> Task brief
From the line containing "중학생을위한 발달 소녀" to the end of the records below, both included, every line should be repeated exactly; pictures should be dropped.

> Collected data
[Start of Attachment]

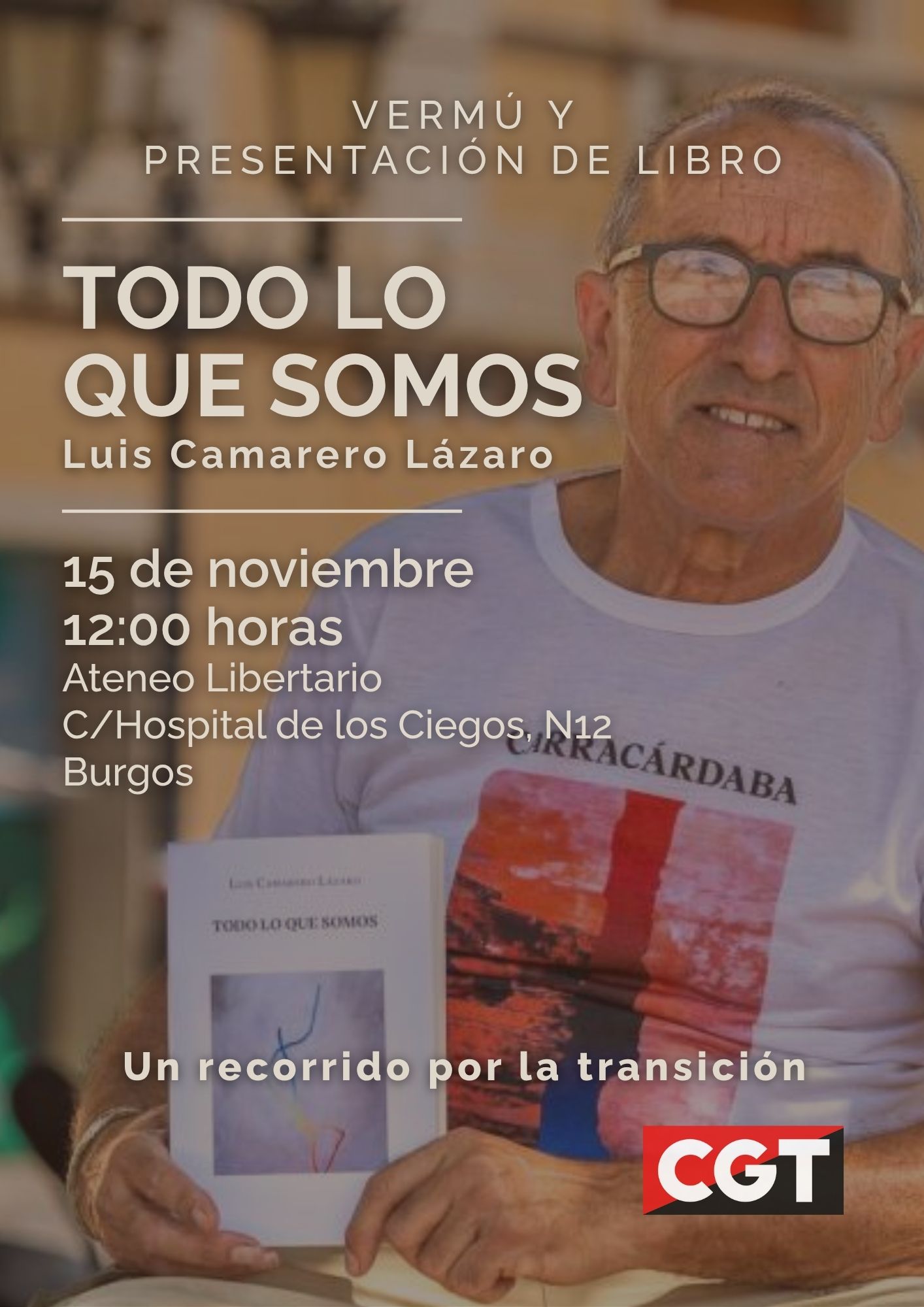 Luis es un histórico militante de CGT, originario de Segovia pero actualmente en Menorca. Su primera novela y esta que viene a presentarnos recorren tanto la memoria personal y familiar del autor como la memoria histórica y militante de nuestro país, de la que ha sido no sólo parte activa sino atento observador y defensor sin descanso de su preservación.
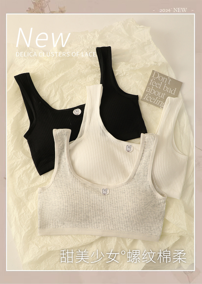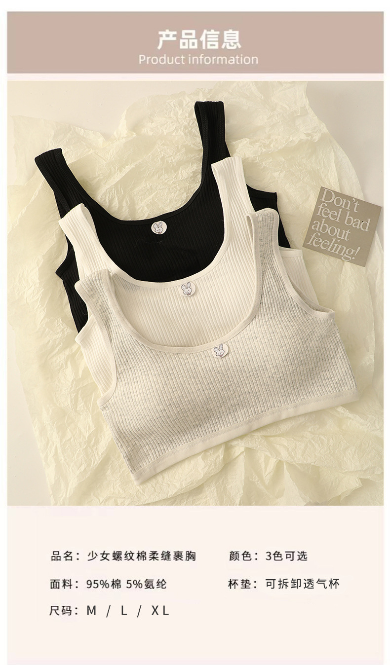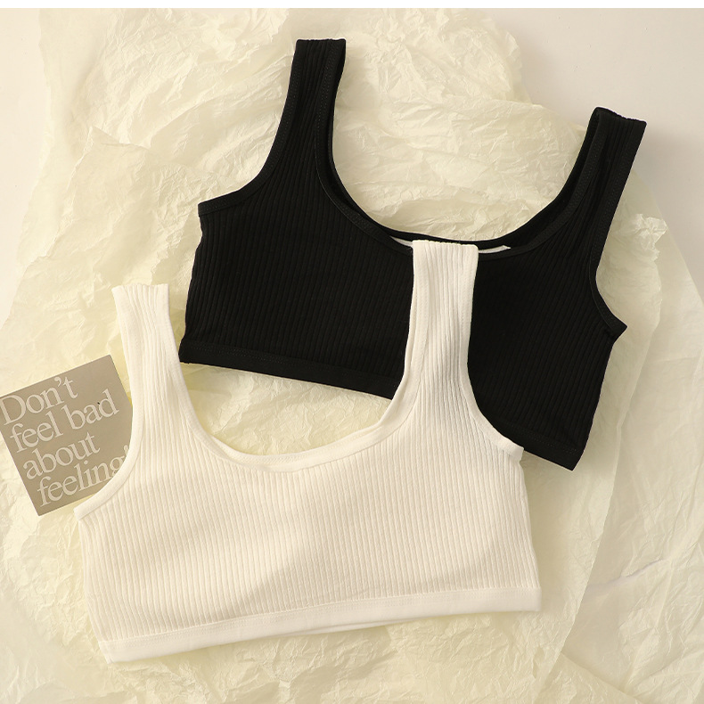 중학생을위한 발달 소녀 속옷 분리 가능한 림리스 스포츠 튜브 탑 안티 범프 U 자형 스레드 조끼
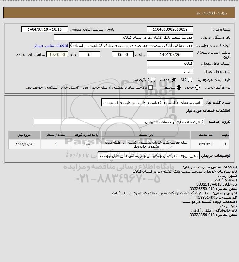 شرح کلی نیاز: تامین نیروهای مراقبتی و نگهبانی و پولرسانی طبق فایل پیوست
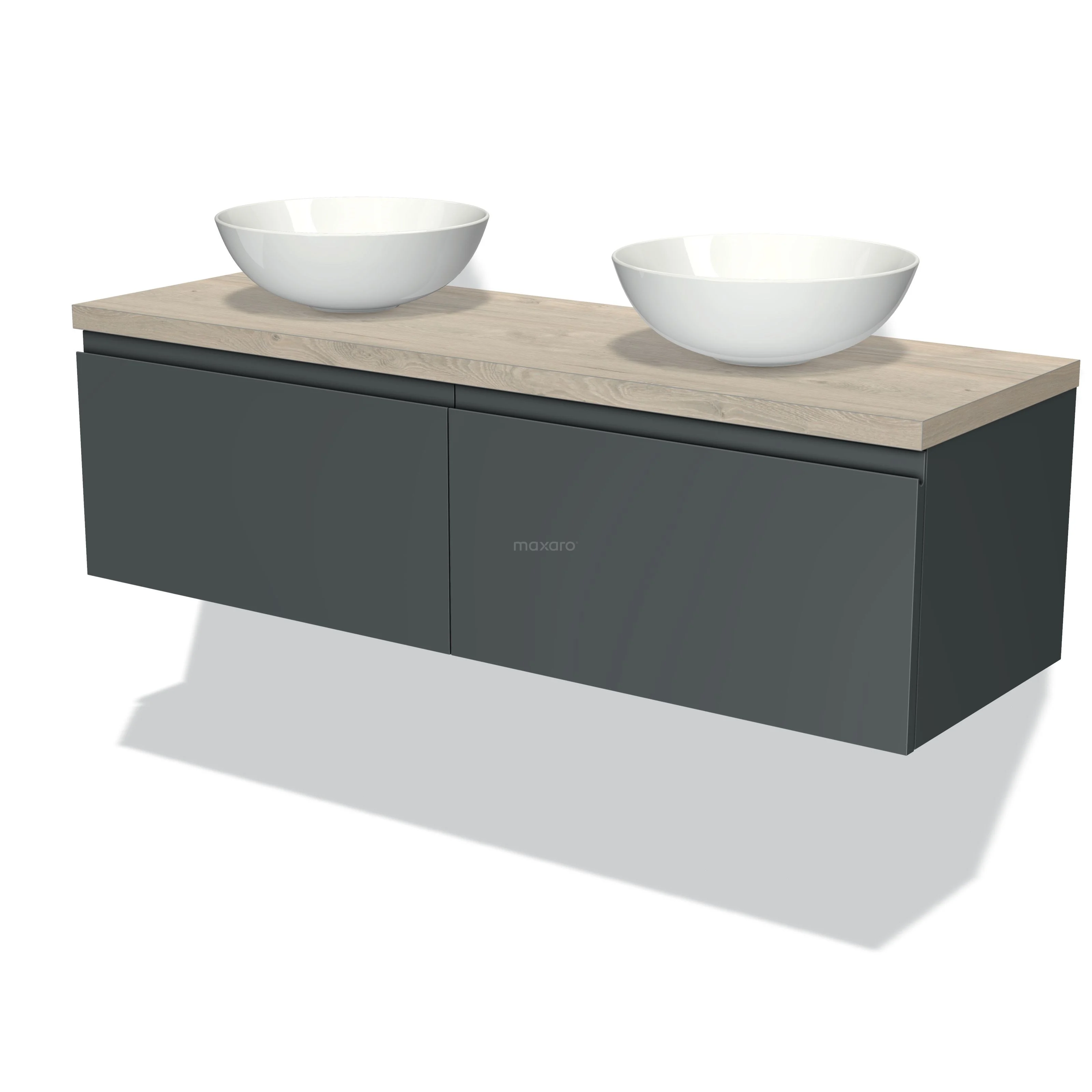 Modulo Plato Badmöbel mit Aufsatzwaschbecken | 140 cm Dunkelgrau Grifflos front Hellgraue Eiche blatt 2 nebeneinanderliegende Schubladen
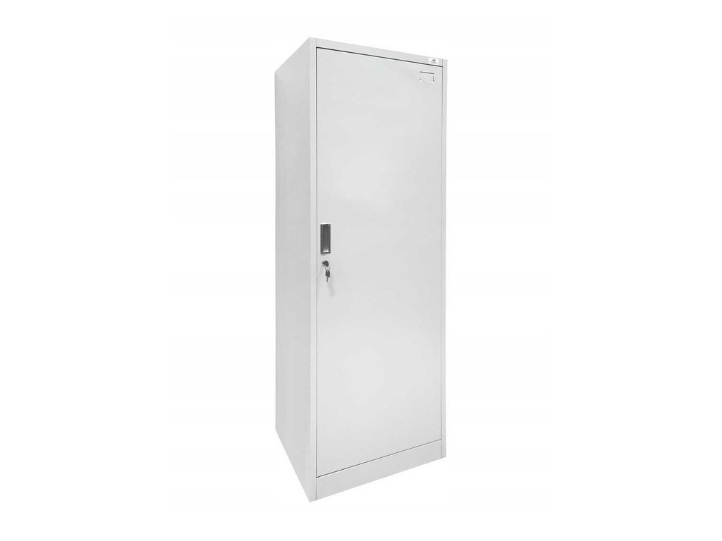 A szekrény tömör, 0,6 mm vastag acéllemezből készült, ami biztosítja a stabilitását és tartósságát. A szürke porbevonat véd a korrózió ellen és meghosszabbítja a termék élettartamát.

[End of Attachment]

> Answer for the task
 중학생을위한 발달 소녀 속옷 분리 가능한 림리스 스포츠 튜브 탑 안티 범프 U 자형 스레드 조끼
 شرح کلی نیاز: تامین نیروهای مراقبتی و نگهبانی و پولرسانی طبق فایل پیوست
 Modulo Plato Badmöbel mit Aufsatzwaschbecken | 140 cm Dunkelgrau Grifflos front Hellgraue Eiche blatt 2 nebeneinanderliegende Schubladen
 A szekrény tömör, 0,6 mm vastag acéllemezből készült, ami biztosítja a stabilitását és tartósságát. A szürke porbevonat véd a korrózió ellen és meghosszabbítja a termék élettartamát.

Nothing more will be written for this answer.